I think this is what you want:我认为这就是你想要的：

import pandas as pd
df = pd.DataFrame(data)
granular_sum_df = df.groupby(['Name', 'Family', 'Region', 'Cod', 'Customer number'])['Sales'].sum().reset_index()
family_sum_df = df.groupby(['Name', 'Family'])['Sales'].sum().reset_index()
final_df = granular_sum_df.merge(family_sum_df, on=['Name', 'Family'])
final_df['Pct'] = final_df['Sales_x']/final_df['Sales_y']

Answer 2

Well answer for question one could be:问题一的答案可能是：

#step  1 Import pandas
import pandas as pd

df=pd.DataFrame(data)

# step 2 printing the dataframe
df

# step 3 Calculating the pecentage:


df['percentage of sales'] = (df['Sales'] / df['Sales'].sum())*100



# step 4 :joining this table percentage to the main dataframe
pd.concat([df, df[['percentage of sales ']]], axis=1, sort=False)

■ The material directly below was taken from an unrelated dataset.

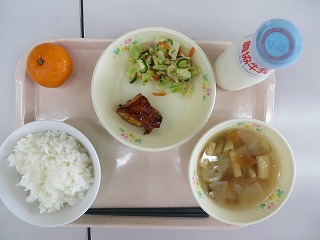 ごはん 鶏肉のてり焼き ごま酢あえ のっぺい汁 みかん 牛乳
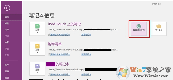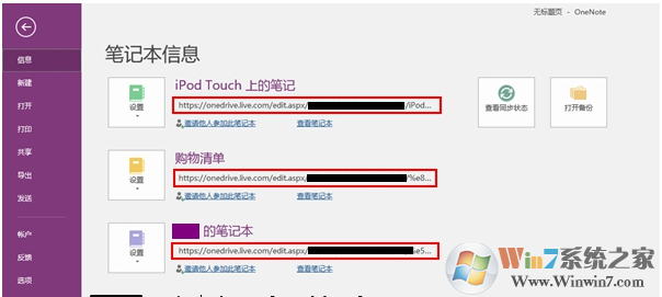 在OneNote 2016中,點擊Robbin功能區(qū)中的文件-信息,你將在此看到你所有的OneNote筆記,在這些筆記的下方,你可以看到它們對應的鏈接。

Answer for question 2: its depends, what is the condition you want to do.问题 2 的答案：这取决于您要执行的条件是什么。

assumming the logic :假设逻辑：

that is one way ,这是一种方式，

but the easy way to answer question 1 and 2 is to convert dataframe into a numpy array then do the operation , and then bring it back to dataframe.但回答问题 1 和 2 的简单方法是将数据帧转换为 numpy 数组，然后执行操作，然后将其带回数据帧。 1 check this answers: Add column for percentage of total to Pandas dataframe 1 检查此答案：将占总数百分比的列添加到 Pandas 数据框

#Converting the percentage column to numpy array
npprices=df['percentage'].to_numpy()
npprices
#loop through the rows and fill the row next row with value from previous row, ASSUMING previous row is not zero.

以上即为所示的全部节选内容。